Your instructions => Starting with the line below that holds "Modificación genética de" and stopping after the line that holds "Ruang dalam ruangan", transcribe the lines exactly, leaving out all pictures.

Records for the exercise =>
▬▬▬

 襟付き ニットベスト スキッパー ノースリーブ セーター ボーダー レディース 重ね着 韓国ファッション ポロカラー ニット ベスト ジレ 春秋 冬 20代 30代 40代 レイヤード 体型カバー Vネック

▬▬▬

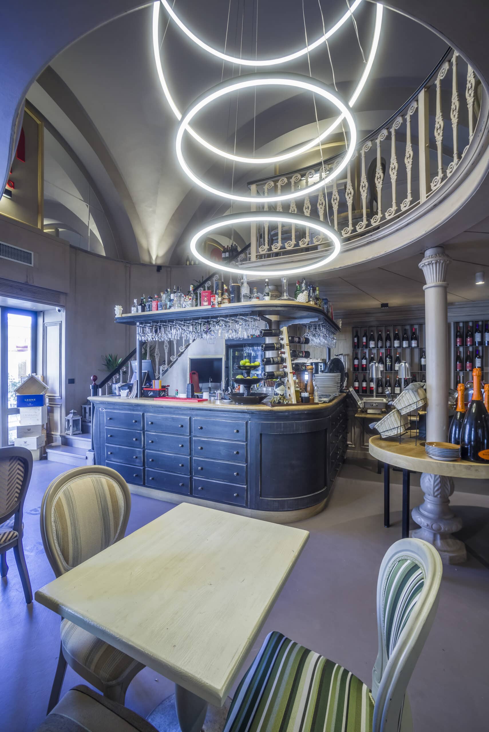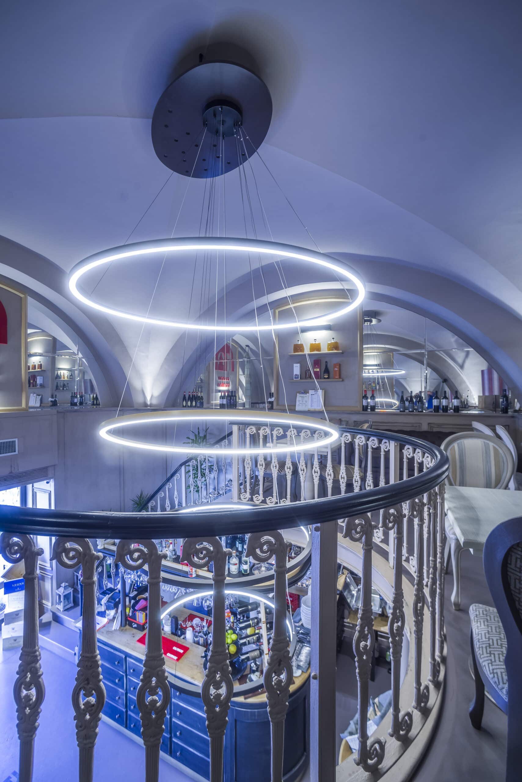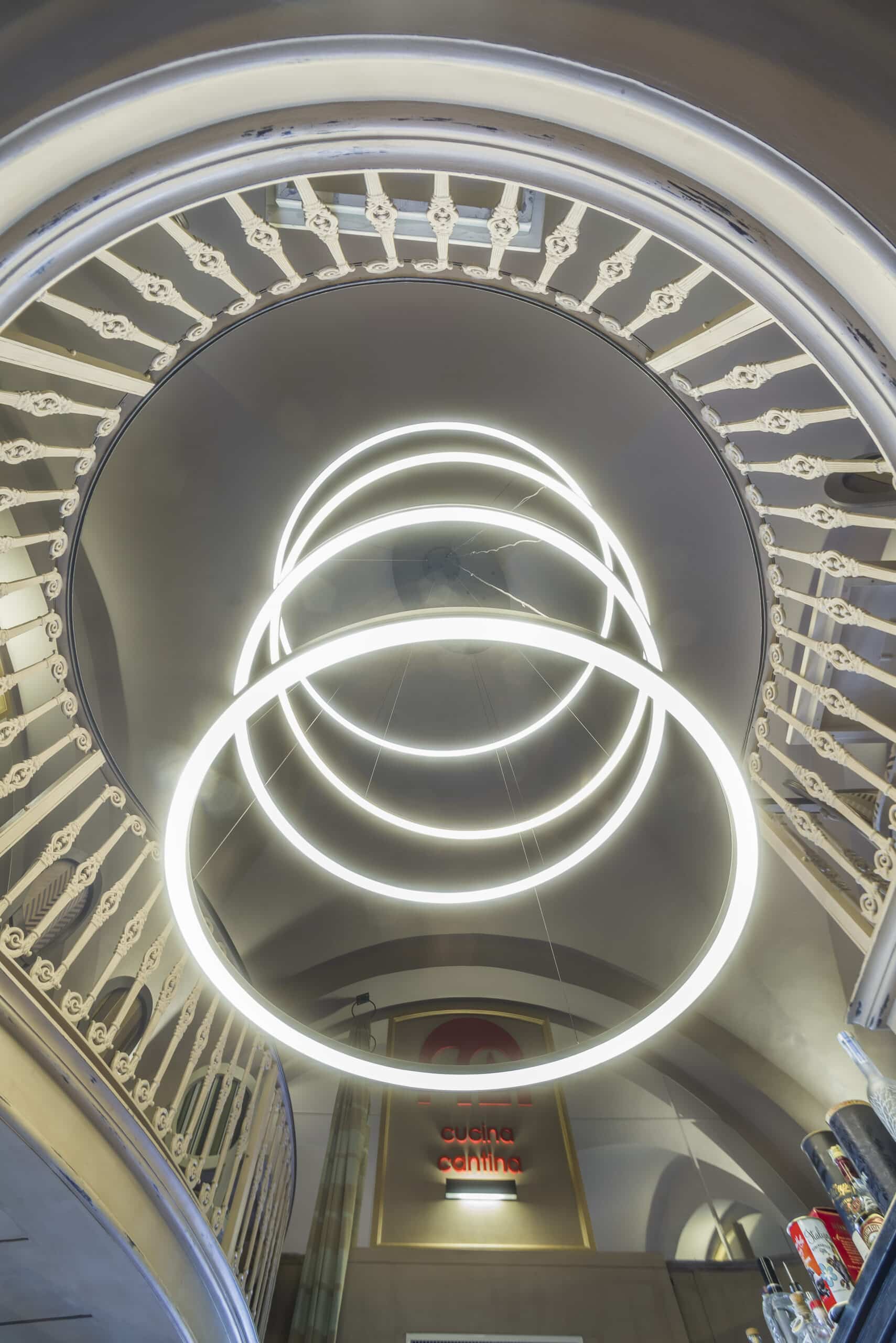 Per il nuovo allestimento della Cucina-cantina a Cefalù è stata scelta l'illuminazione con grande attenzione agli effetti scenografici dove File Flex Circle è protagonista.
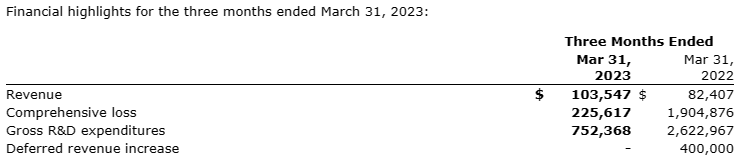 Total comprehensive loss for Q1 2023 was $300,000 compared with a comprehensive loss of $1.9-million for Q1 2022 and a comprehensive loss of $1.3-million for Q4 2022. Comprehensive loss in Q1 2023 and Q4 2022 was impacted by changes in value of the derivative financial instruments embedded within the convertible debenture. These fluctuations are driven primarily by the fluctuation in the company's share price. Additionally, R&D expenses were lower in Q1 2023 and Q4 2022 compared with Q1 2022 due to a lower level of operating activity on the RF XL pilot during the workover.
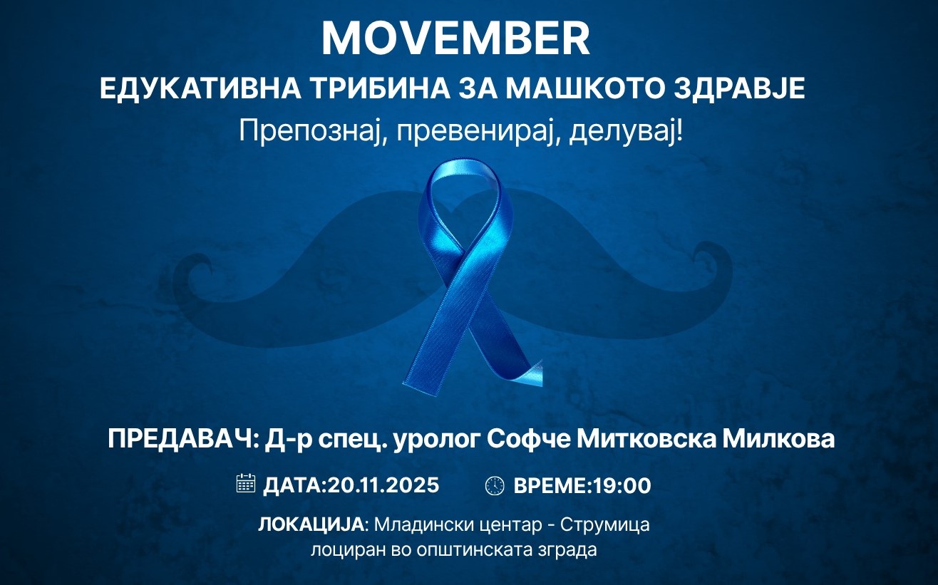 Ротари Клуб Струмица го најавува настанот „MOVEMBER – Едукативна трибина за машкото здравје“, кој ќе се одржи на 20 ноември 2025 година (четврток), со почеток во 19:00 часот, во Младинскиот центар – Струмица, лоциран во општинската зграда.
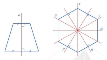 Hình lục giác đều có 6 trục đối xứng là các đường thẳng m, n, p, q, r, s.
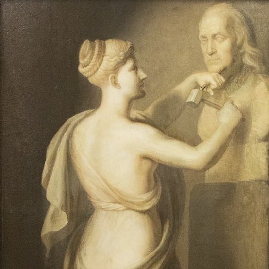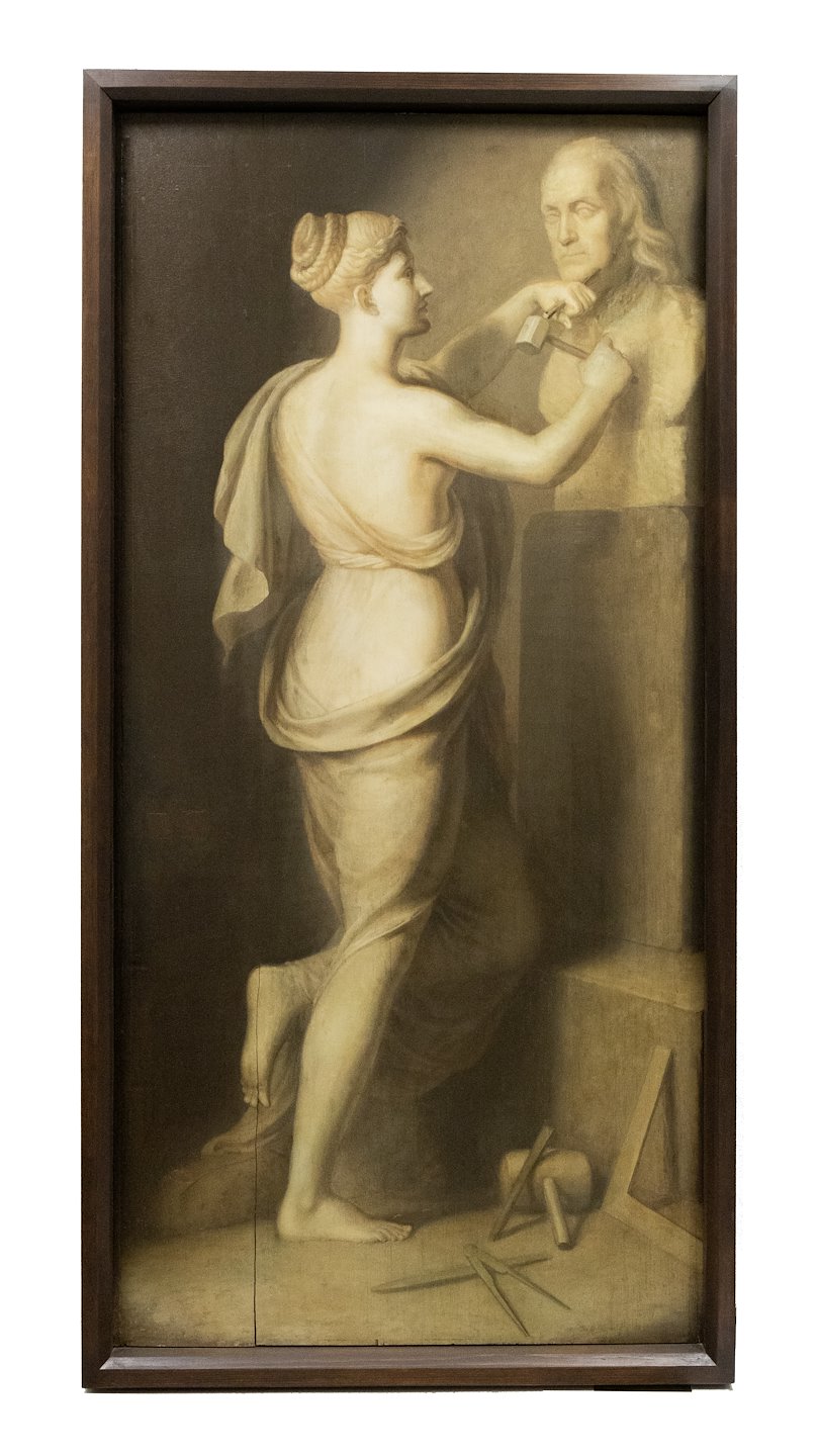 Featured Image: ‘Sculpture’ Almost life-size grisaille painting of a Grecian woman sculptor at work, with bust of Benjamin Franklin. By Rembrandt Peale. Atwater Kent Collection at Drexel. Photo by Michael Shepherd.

▬▬▬

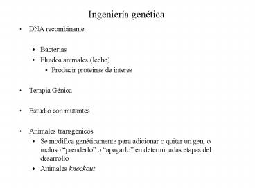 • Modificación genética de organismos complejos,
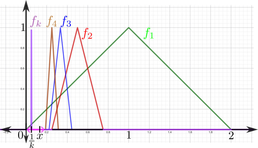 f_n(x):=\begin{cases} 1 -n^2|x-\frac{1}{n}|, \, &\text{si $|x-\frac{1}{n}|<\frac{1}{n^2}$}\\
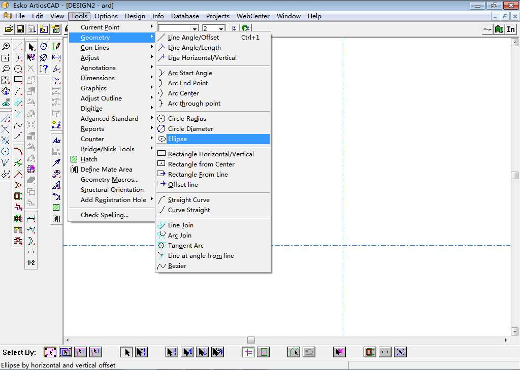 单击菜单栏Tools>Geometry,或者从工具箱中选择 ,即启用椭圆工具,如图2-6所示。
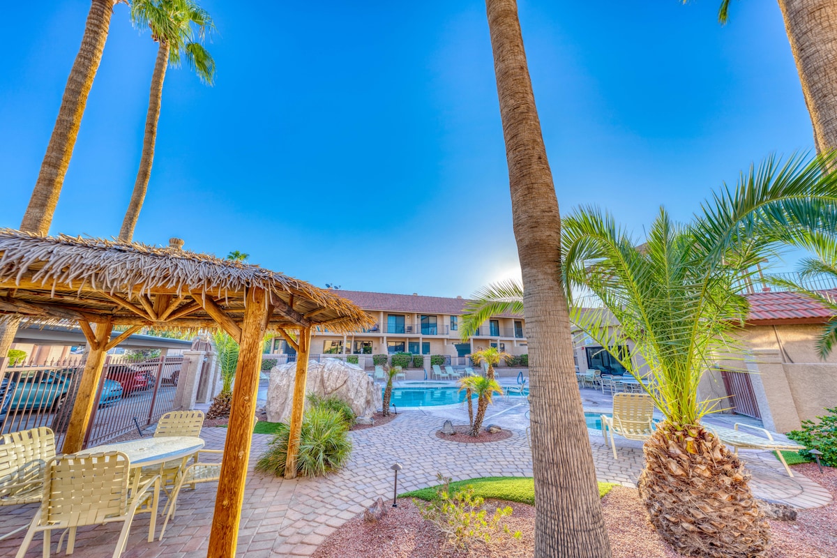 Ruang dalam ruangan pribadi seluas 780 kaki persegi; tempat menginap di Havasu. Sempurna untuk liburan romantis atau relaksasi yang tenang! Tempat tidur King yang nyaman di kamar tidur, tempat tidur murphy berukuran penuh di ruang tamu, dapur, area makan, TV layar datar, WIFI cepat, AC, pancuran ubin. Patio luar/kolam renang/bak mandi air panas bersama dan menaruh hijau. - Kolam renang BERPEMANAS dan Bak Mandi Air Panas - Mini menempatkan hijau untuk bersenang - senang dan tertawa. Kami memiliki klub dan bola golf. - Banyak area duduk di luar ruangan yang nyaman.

▬▬▬

Solution for this problem =>
 • Modificación genética de organismos complejos,
 f_n(x):=\begin{cases} 1 -n^2|x-\frac{1}{n}|, \, &\text{si $|x-\frac{1}{n}|<\frac{1}{n^2}$}\\
 单击菜单栏Tools>Geometry,或者从工具箱中选择 ,即启用椭圆工具,如图2-6所示。
 Ruang dalam ruangan pribadi seluas 780 kaki persegi; tempat menginap di Havasu. Sempurna untuk liburan romantis atau relaksasi yang tenang! Tempat tidur King yang nyaman di kamar tidur, tempat tidur murphy berukuran penuh di ruang tamu, dapur, area makan, TV layar datar, WIFI cepat, AC, pancuran ubin. Patio luar/kolam renang/bak mandi air panas bersama dan menaruh hijau. - Kolam renang BERPEMANAS dan Bak Mandi Air Panas - Mini menempatkan hijau untuk bersenang - senang dan tertawa. Kami memiliki klub dan bola golf. - Banyak area duduk di luar ruangan yang nyaman.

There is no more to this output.